= Michael H. Robinson =

British zoologist

Michael H. Robinson (1929, Preston, Lancashire, England — March 22, 2008, Alexandria, Virginia) was a British zoologist who directed the National Zoo in Washington D.C., for 16 years, from 1984 to 2000.

Robinson received his undergraduate degree from the University of Wales, in 1963, and his doctorate in zoology, in 1966, from Oxford University, where he studied under Nobel laureate Nikolaas Tinbergen. Prior to his work at the National Zoo, Robinson spent 18 years in Panama, Central America, studying animal behavior at the Smithsonian Tropical Research Institute.
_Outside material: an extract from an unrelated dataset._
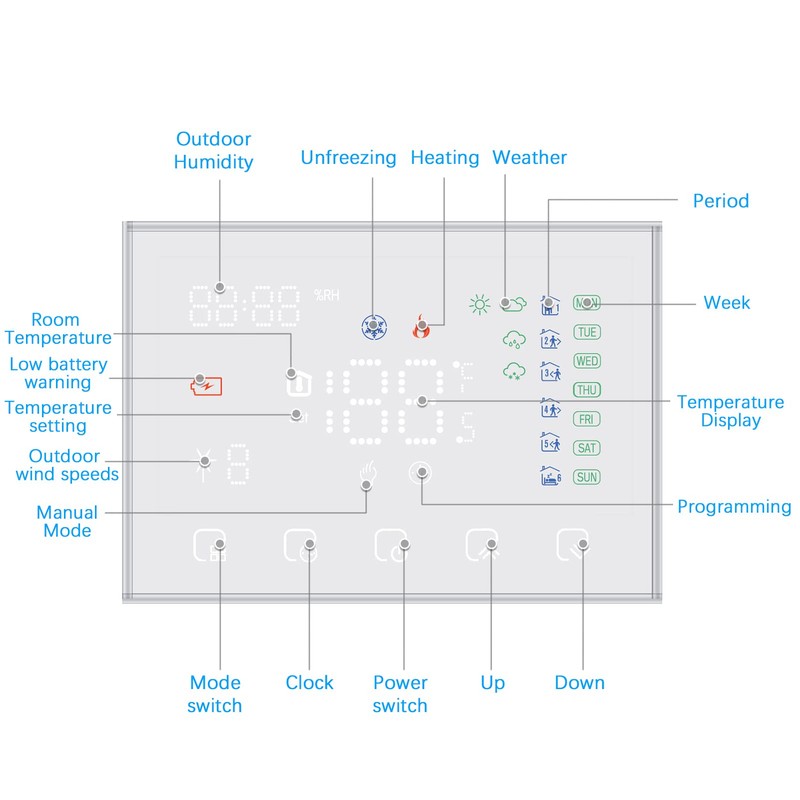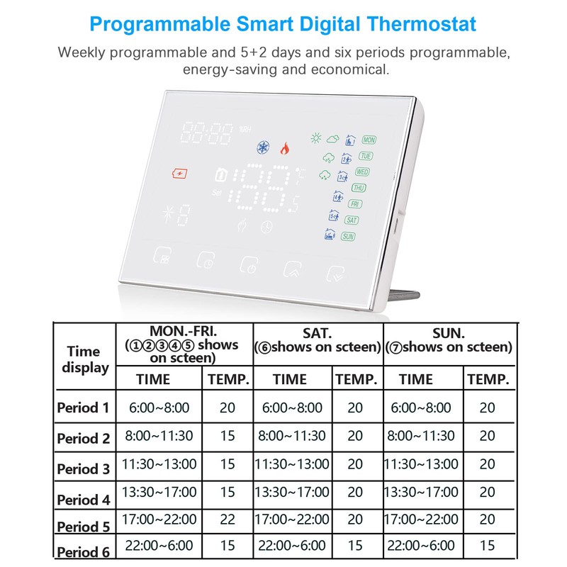 - 💡[Smart Programmable Thermostat] Weekly programmable and 5+2 days and six periods programmable, energy-saving and environmentally friendly, intelligent and economical.
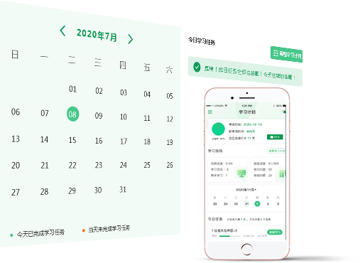 系統(tǒng)依據(jù)學(xué)員自身定制的學(xué)習(xí)計(jì)劃,制定相應(yīng)的學(xué)習(xí)任務(wù),學(xué)習(xí)任務(wù)量化,精確到天,保障學(xué)生做到日清日結(jié),掌握相應(yīng)的知識(shí)點(diǎn)。

There, he researched spiders, crabs, otters, stick insects, and marine life.

His publications include numerous articles and several books. With David Challinor and Holly Webber he wrote the guide book Zoo Animals: a Smithsonian guide (1995).

He was married to biologist Barbara Robinson, his colleague for many years, from whom he was divorced.

==Bibliography==
Robinson, Michael (1995). "Zoo Animals"

==Sources==
- Holley, J. 2008. "In Memoriam: Michael H. Robinson (1929-2008)" Arch. Biol. Sci. Belgrade, 60(2): 325-326.